A faithful transcription of all the entries below is needed, without the pictures.

Dataset excerpts:
════════════════

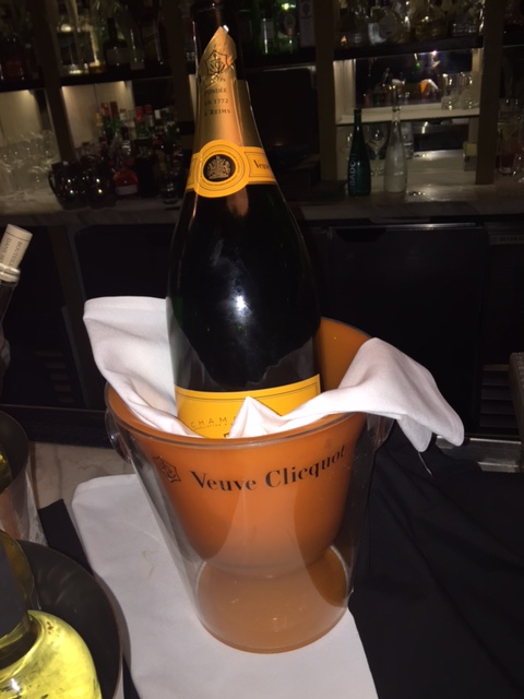 The restaurants culinary ethos is signature olive oils, in lieu of butter or cream. Trays of paper-thin zucchini carpaccio were served at the cocktail reception with a squeeze of lemon and dots of fruity picholine olive oil from the South of France. The dish was adorned with sweet toasted pine nuts and a few shavings of Parmesan cheese (The recipe is in the cookbook). We nibbled on this and other bite-size appetizers while sipping Yellow Label Veuve Clicquot champagne.
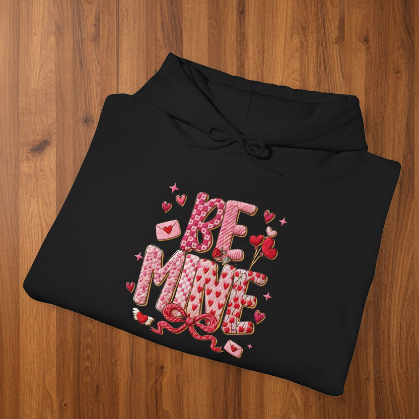 Slide into a hoodie that feels like a quiet, confident love note. This mid-weight hoodie carries a soft, hand-drawn “Be Mine” crochet motif in playful pinks and reds at chest-level, with a tiny crochet heart accent on the sleeve — subtle romance without shouting. The roomy kangaroo pocket and double-lined hood make it an easy go-to for chilly evenings, late-night walks, or cozy movie nights. It settles into your routine: layered over a tee for coffee runs, pulled on for a slow Sunday, or worn while wrapping a thoughtful surprise for someone you care about. The look is casual, warm, and sincere — like wearing a little charm that says exactly what you mean.
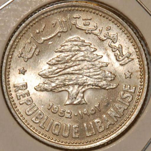 Right (2): 1952 Lebanon 50 piastres with cedar tree, KM# 17.
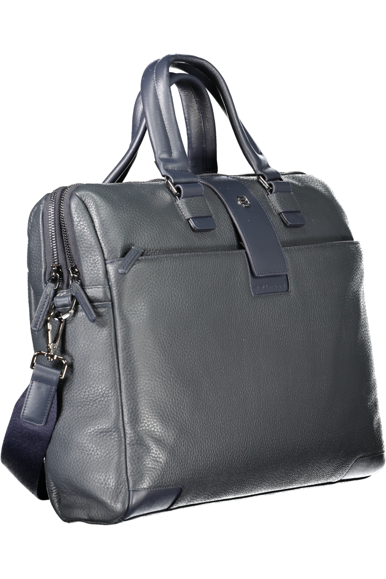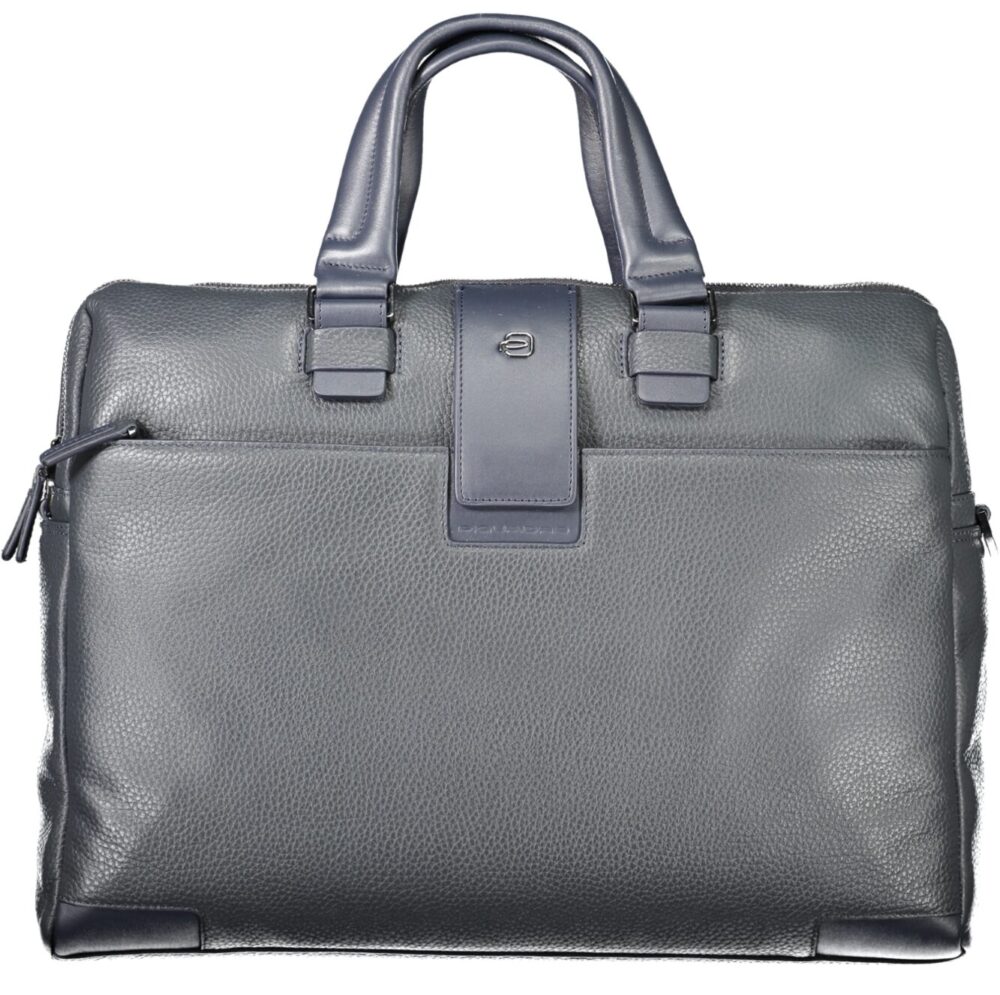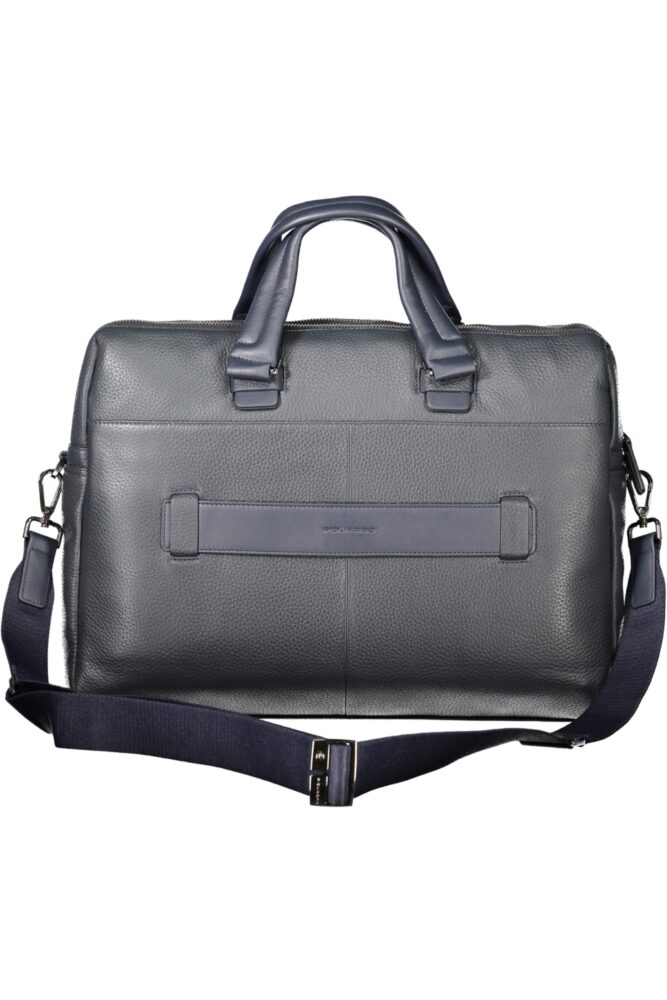 Mala com 2 alças, alça de ombro ajustável e removível, 1 bolso externo, 2 compartimentos separados, 1 bolso interno, espaços internos para laptop, canetas e documentos, detalhes contrastantes, fecho de zíper, logotipo
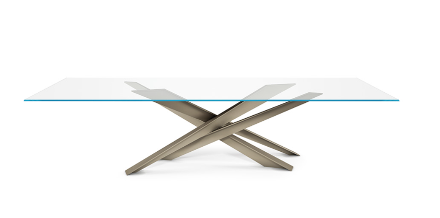 Итальянский дизайнерский стол LANCER от CATTELAN ITALIA — воплощение современной эстетики и архитектурной выразительности. Скульптурная основа с пересекающимися металлическими лопастями создает динамичную композицию, подчеркнутую игрой света и тени. Доступен в нескольких вариантах: с прозрачным стеклянным верхом, декорированным бронзой (Moonglass), керамической столешницей (Keramik) или благородной деревянной поверхностью (Wood). Размеры — от 240×120 см до 300×120 см. Итальянское качество и смелый дизайн делают этот стол центральным элементом интерьера.
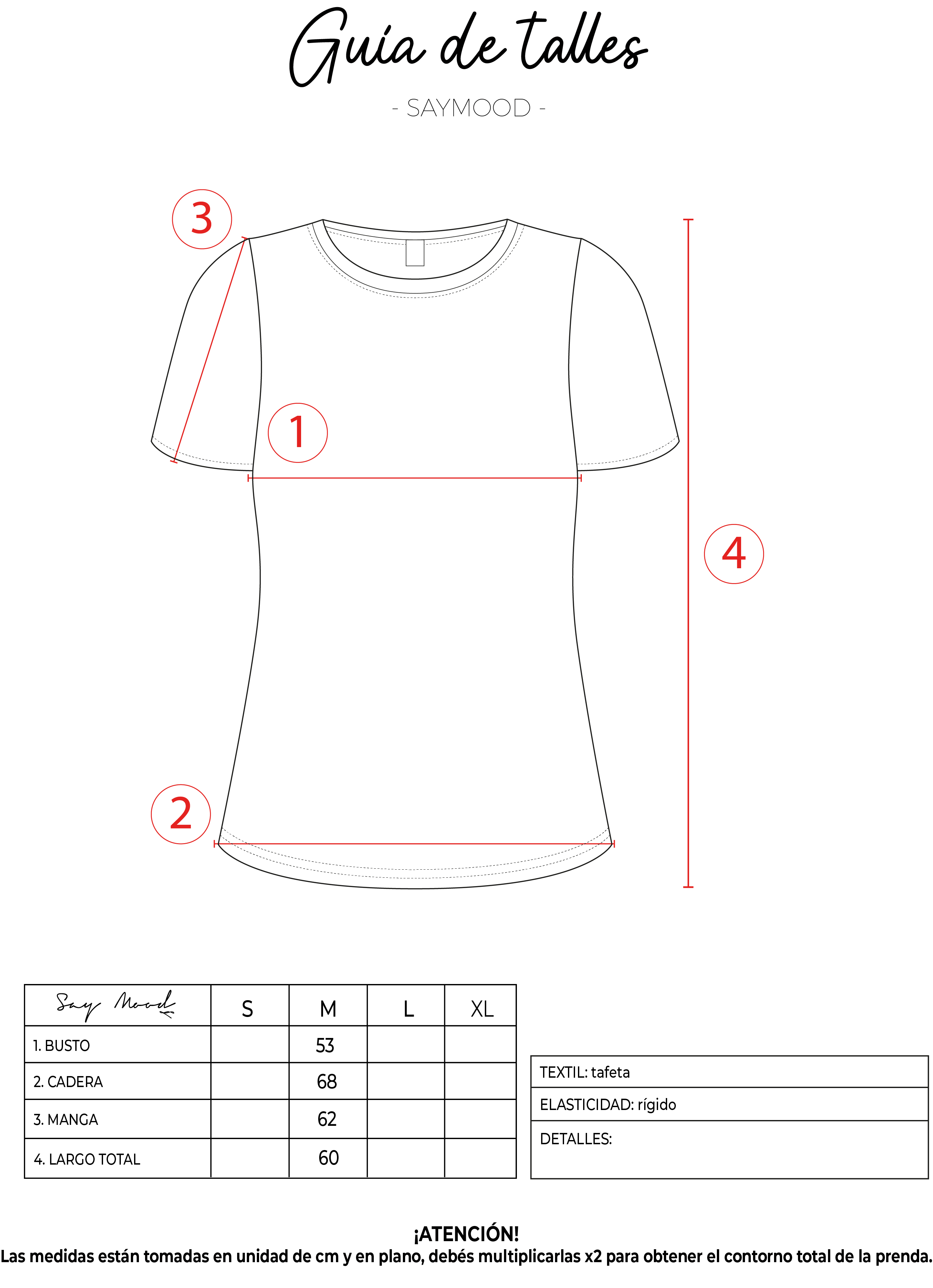 SAYTIPS: chequeá con atención nuestra tabla de talles para encontrar el que mejor vaya con vos. Podés tomar como referencia una prenda similar que tengas para mayor seguridad 😉
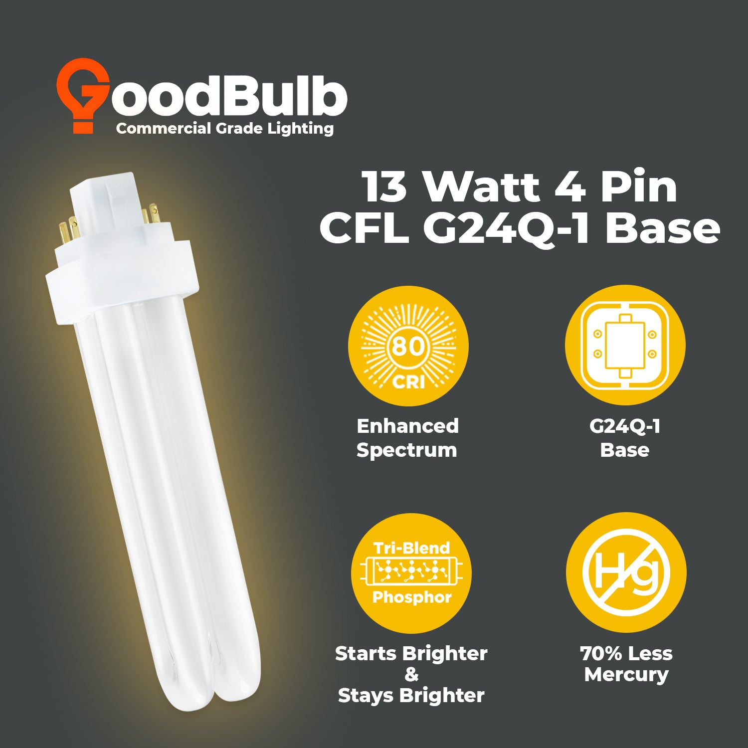 The GoodBulb 13 Watt CFL Plug-In Light Bulb delivers warm, comfortable lighting with a soothing 2700K soft white glow—perfect for spaces that prioritize relaxation, hospitality, and visual warmth. Designed with a double-tube configuration and a reliable G24Q-1 4-pin base, this compact fluorescent lamp produces 900 lumens while drawing just 13 watts, offering an energy-efficient solution for ambient lighting in commercial and residential applications.
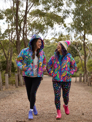 Made from our buttery soft and warm Embrace fabric – double brushed on both sides for a fleece-like feel – these leggings feature a smooth black base with vibrant printed side panels showcasing exclusive Australian designer prints. They’re cosy, soft and finished with our signature side pockets for your everyday essentials.
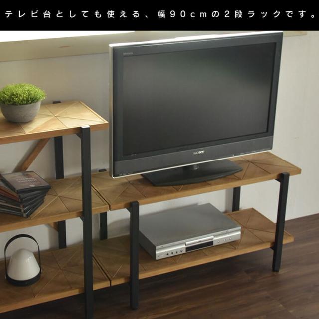 Kaleido(カレイド) 古材風2段ラック 幅90cmタイプ ラック 棚 シェルフ オープンシェルフ オープンラック 木製 ディスプレイラック ナチュラル 北欧 2段 二段 スリム 収納 コンパクト
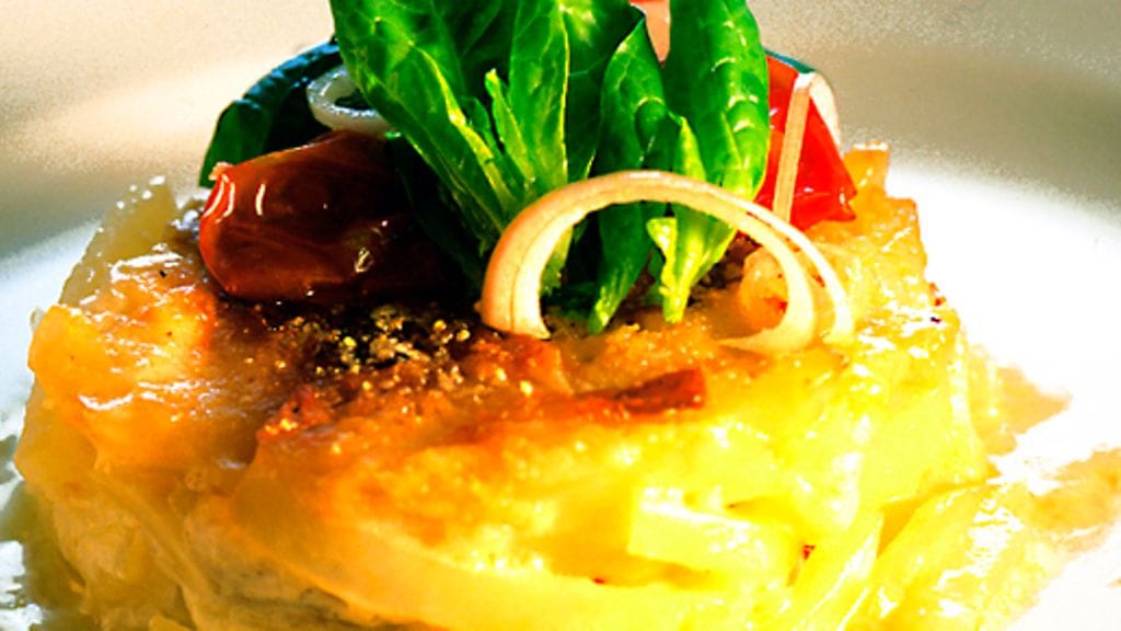 1. Kuumenna uuni 225 asteeseen. Kuori ja viipaloi sipuli, kuori ja suikaloi perunat tulitikunkokoisiksi. Voitele uuninkestävä vuoka ja laita sen pohjalle puolet perunasuikaleista. Peitä anjovisfileillä, säästä liemi. Laita päälle sipuli ja loput perunatikuista.
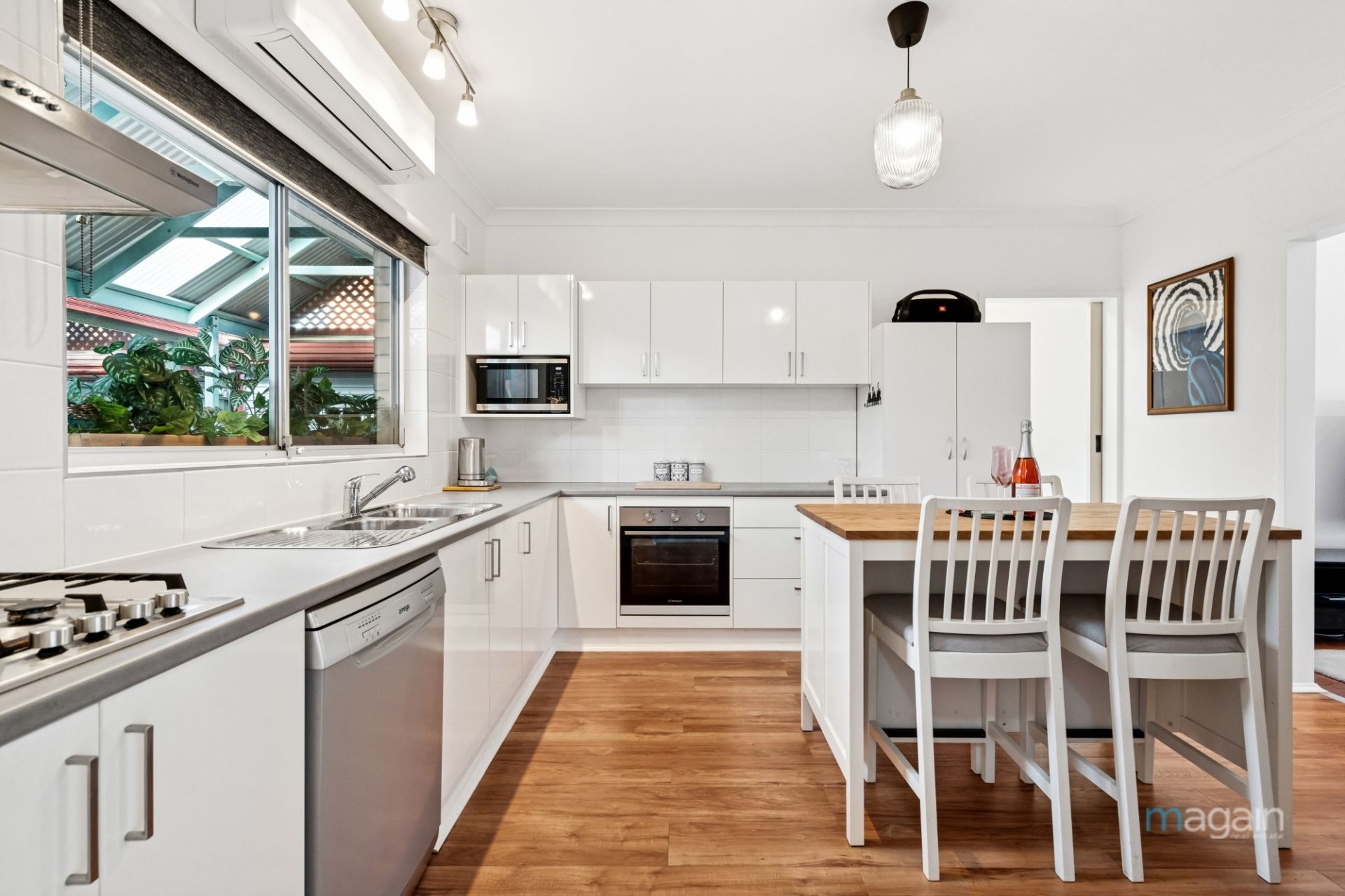 The spectacular eat-in kitchen has stainless appliances, gas cooktop and a dishwasher for easy clean-ups after a busy day. The bathroom has been upgraded too. It includes a proper bathtub and separate toilet. Storage is well taken care of with built-in-cabinetry and linen presses to the laundry, in addition there's a built-in-robe in the master bedroom.
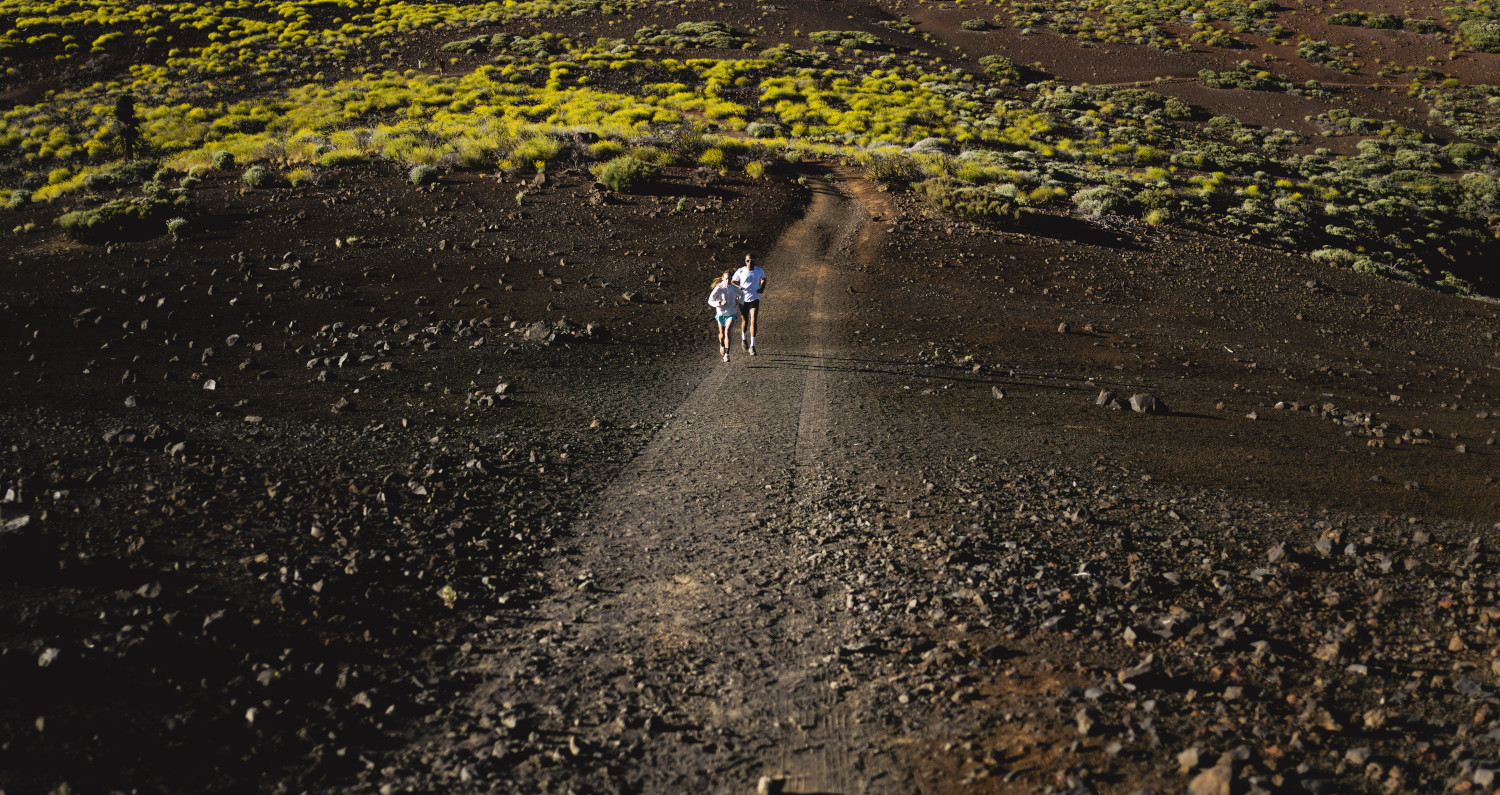- Km 7,3 Wir überqueren die Straße und folgen dem Weg gegenüber, der weiter bergauf führt. Von der Spitze des Hangs aus hat man einen herrlichen Blick auf den Teide im Hintergrund. Sie können gleichzeitig laufen und nach vorne schauen.

════════════════

Result of this exercise:
 The restaurants culinary ethos is signature olive oils, in lieu of butter or cream. Trays of paper-thin zucchini carpaccio were served at the cocktail reception with a squeeze of lemon and dots of fruity picholine olive oil from the South of France. The dish was adorned with sweet toasted pine nuts and a few shavings of Parmesan cheese (The recipe is in the cookbook). We nibbled on this and other bite-size appetizers while sipping Yellow Label Veuve Clicquot champagne.
 Slide into a hoodie that feels like a quiet, confident love note. This mid-weight hoodie carries a soft, hand-drawn “Be Mine” crochet motif in playful pinks and reds at chest-level, with a tiny crochet heart accent on the sleeve — subtle romance without shouting. The roomy kangaroo pocket and double-lined hood make it an easy go-to for chilly evenings, late-night walks, or cozy movie nights. It settles into your routine: layered over a tee for coffee runs, pulled on for a slow Sunday, or worn while wrapping a thoughtful surprise for someone you care about. The look is casual, warm, and sincere — like wearing a little charm that says exactly what you mean.
 Right (2): 1952 Lebanon 50 piastres with cedar tree, KM# 17.
 Mala com 2 alças, alça de ombro ajustável e removível, 1 bolso externo, 2 compartimentos separados, 1 bolso interno, espaços internos para laptop, canetas e documentos, detalhes contrastantes, fecho de zíper, logotipo
 Итальянский дизайнерский стол LANCER от CATTELAN ITALIA — воплощение современной эстетики и архитектурной выразительности. Скульптурная основа с пересекающимися металлическими лопастями создает динамичную композицию, подчеркнутую игрой света и тени. Доступен в нескольких вариантах: с прозрачным стеклянным верхом, декорированным бронзой (Moonglass), керамической столешницей (Keramik) или благородной деревянной поверхностью (Wood). Размеры — от 240×120 см до 300×120 см. Итальянское качество и смелый дизайн делают этот стол центральным элементом интерьера.
 SAYTIPS: chequeá con atención nuestra tabla de talles para encontrar el que mejor vaya con vos. Podés tomar como referencia una prenda similar que tengas para mayor seguridad 😉
 The GoodBulb 13 Watt CFL Plug-In Light Bulb delivers warm, comfortable lighting with a soothing 2700K soft white glow—perfect for spaces that prioritize relaxation, hospitality, and visual warmth. Designed with a double-tube configuration and a reliable G24Q-1 4-pin base, this compact fluorescent lamp produces 900 lumens while drawing just 13 watts, offering an energy-efficient solution for ambient lighting in commercial and residential applications.
 Made from our buttery soft and warm Embrace fabric – double brushed on both sides for a fleece-like feel – these leggings feature a smooth black base with vibrant printed side panels showcasing exclusive Australian designer prints. They’re cosy, soft and finished with our signature side pockets for your everyday essentials.
 Kaleido(カレイド) 古材風2段ラック 幅90cmタイプ ラック 棚 シェルフ オープンシェルフ オープンラック 木製 ディスプレイラック ナチュラル 北欧 2段 二段 スリム 収納 コンパクト
 1. Kuumenna uuni 225 asteeseen. Kuori ja viipaloi sipuli, kuori ja suikaloi perunat tulitikunkokoisiksi. Voitele uuninkestävä vuoka ja laita sen pohjalle puolet perunasuikaleista. Peitä anjovisfileillä, säästä liemi. Laita päälle sipuli ja loput perunatikuista.
 The spectacular eat-in kitchen has stainless appliances, gas cooktop and a dishwasher for easy clean-ups after a busy day. The bathroom has been upgraded too. It includes a proper bathtub and separate toilet. Storage is well taken care of with built-in-cabinetry and linen presses to the laundry, in addition there's a built-in-robe in the master bedroom.
- Km 7,3 Wir überqueren die Straße und folgen dem Weg gegenüber, der weiter bergauf führt. Von der Spitze des Hangs aus hat man einen herrlichen Blick auf den Teide im Hintergrund. Sie können gleichzeitig laufen und nach vorne schauen.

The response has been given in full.